This is the mail archive of the
gcc-patches@gcc.gnu.org
mailing list for the GCC project.
Re: [21/32] Remove global call sets: LRA
- From: Uros Bizjak <ubizjak at gmail dot com>
- To: "gcc-patches at gcc dot gnu dot org" <gcc-patches at gcc dot gnu dot org>
- Cc: Richard Sandiford <richard dot sandiford at arm dot com>, "H. J. Lu" <hjl dot tools at gmail dot com>
- Date: Sun, 6 Oct 2019 10:45:21 +0200
- Subject: Re: [21/32] Remove global call sets: LRA
>>> This caused:
>>>
>>> https://gcc.gnu.org/bugzilla/show_bug.cgi?id=91994
>
> Thanks for reducing & tracking down the underlying cause.
>
>> This change doesn't work with -mzeroupper. When -mzeroupper is used,
>> upper bits of vector registers are clobbered upon callee return if any
>> MM/ZMM registers are used in callee. Even if YMM7 isn't used, upper
>> bits of YMM7 can still be clobbered by vzeroupper when YMM1 is used.
>
> The problem here really is that the pattern is just:
>
> (define_insn "avx_vzeroupper"
> [(unspec_volatile [(const_int 0)] UNSPECV_VZEROUPPER)]
> "TARGET_AVX"
> "vzeroupper"
> ...)
>
> and so its effect on the registers isn't modelled at all in rtl.
> Maybe one option would be to add a parallel:
>
> (set (reg:V2DI N) (reg:V2DI N))
>
> for each register. Or we could do something like I did for the SVE
> tlsdesc calls, although here that would mean using a call pattern for
> something that isn't really a call.
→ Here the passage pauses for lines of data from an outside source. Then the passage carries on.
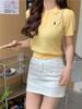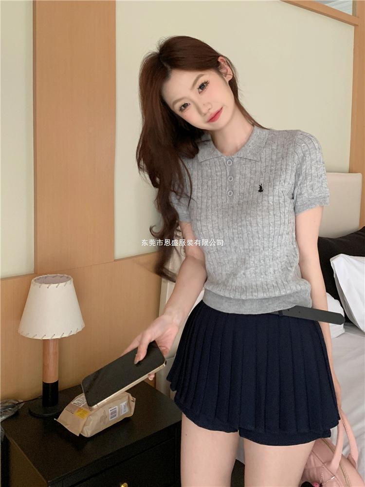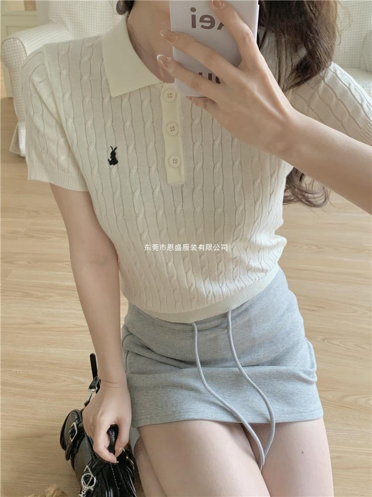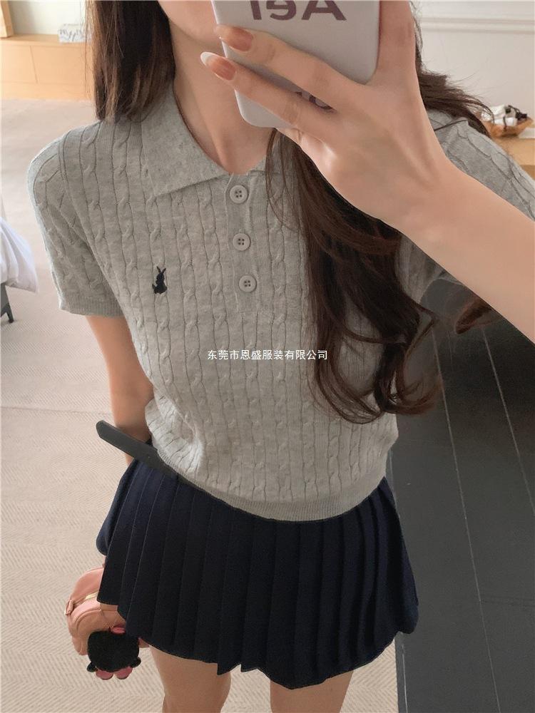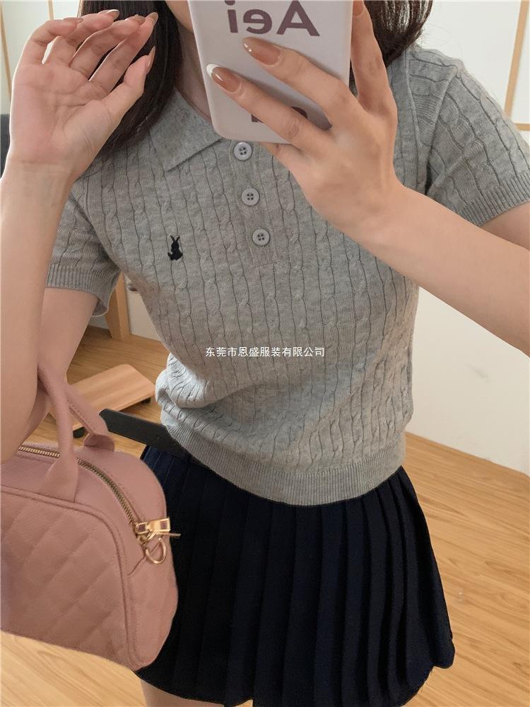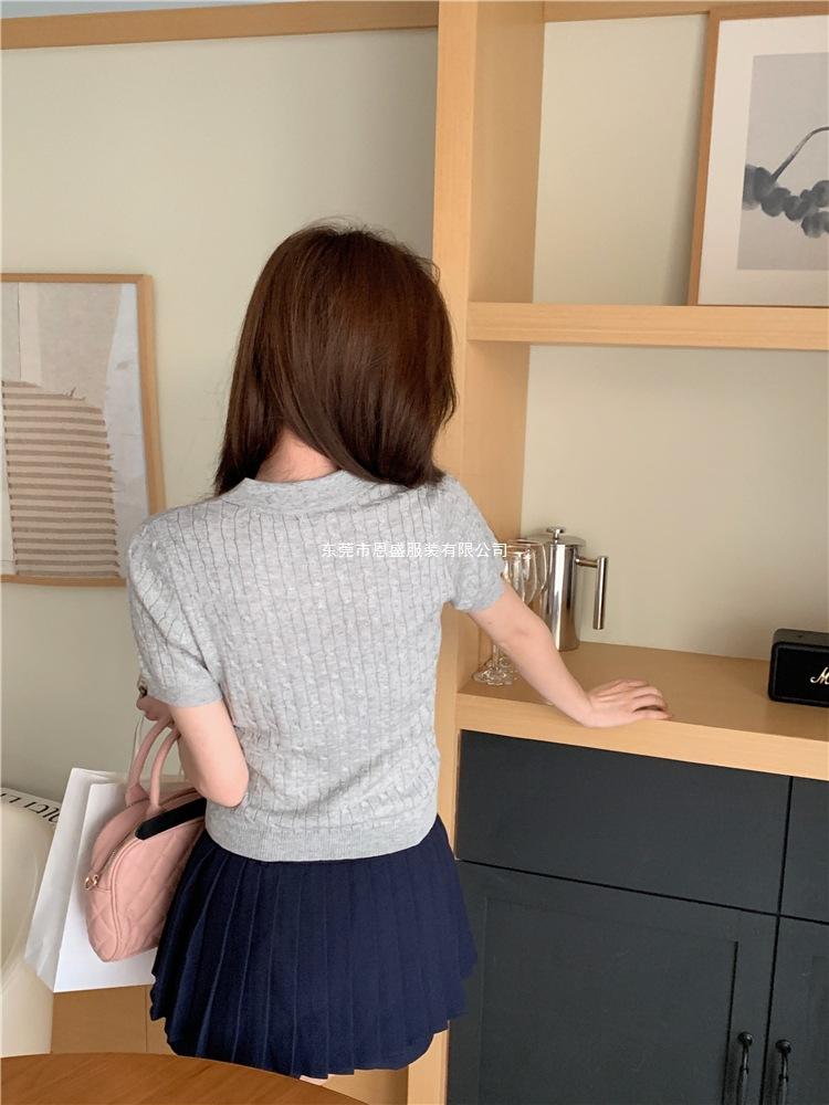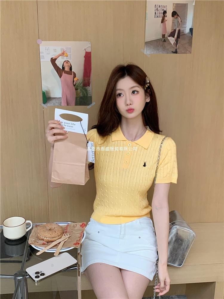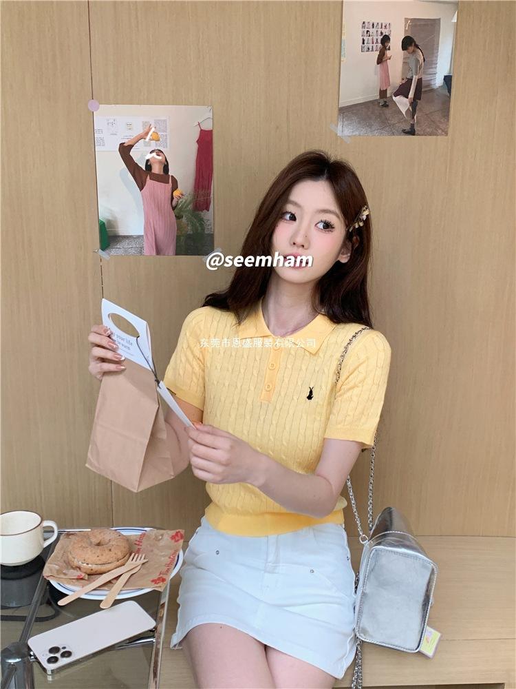 Francés Único 2025 Nuevo Verano Estilo Coreano Camisa Cuello Polo Tejido Seda de Hielo Manga Corta Camiseta Top Corto de Mujer
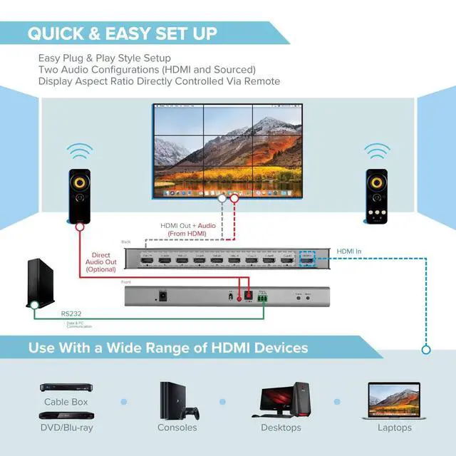 Plug & Play: No driver needed. ^^ 13 Display Modes - 1x2, 1x3, 1x4, 2x1, 2x2, 2x3, 2x4, 3x1, 3x2, 3x3, 4x1, 4x2 provide extra diversities on the display options. Transmit HDMI signal for up to 100 feet without losing picture quality.
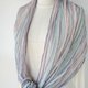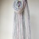 极细的拉米亚麻线,其粗细约为手织标准亚麻线的一半,特点是纤维少毛羽且富有光泽。总经线数达 720 根,织造密度细致,触感极其柔韧。亚麻披肩的吸水性、吸湿性及快干性皆优于棉质,能保持肌肤干爽不黏腻,触感清爽,适合从春季到秋季,一年三季皆可使用。
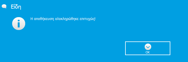 Τέλος, αφού συμπληρώσετε όλα τα απαραίτητα στοιχεία για τη δημιουργία του είδους, πατάτε Αποθήκευση και εμφανίζεται το παρακάτω μήνυμα.
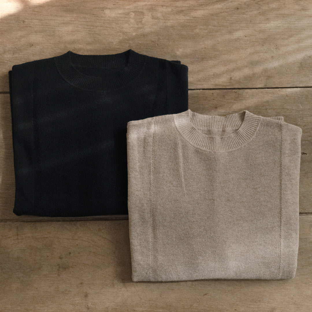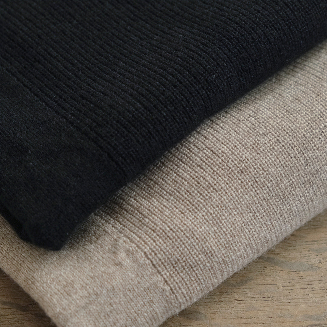 重ねて使いやすいベーシックな2つのカラー。カシミヤそのもの「ロウカシミヤ」のブラウンは、高級感もあり他にはない奥深いカラー。

Or we could reinstate clobber_high
> and use that, but that's very much third out of three.
>
> I don't think we should add target hooks to get around this, since that's
> IMO papering over the issue.
>
> I'll try the parallel set thing first.
Please note that vzeroupper insertion pass runs after register
allocation, so in effect vzeroupper pattern is hidden to the register
allocator.
Uros.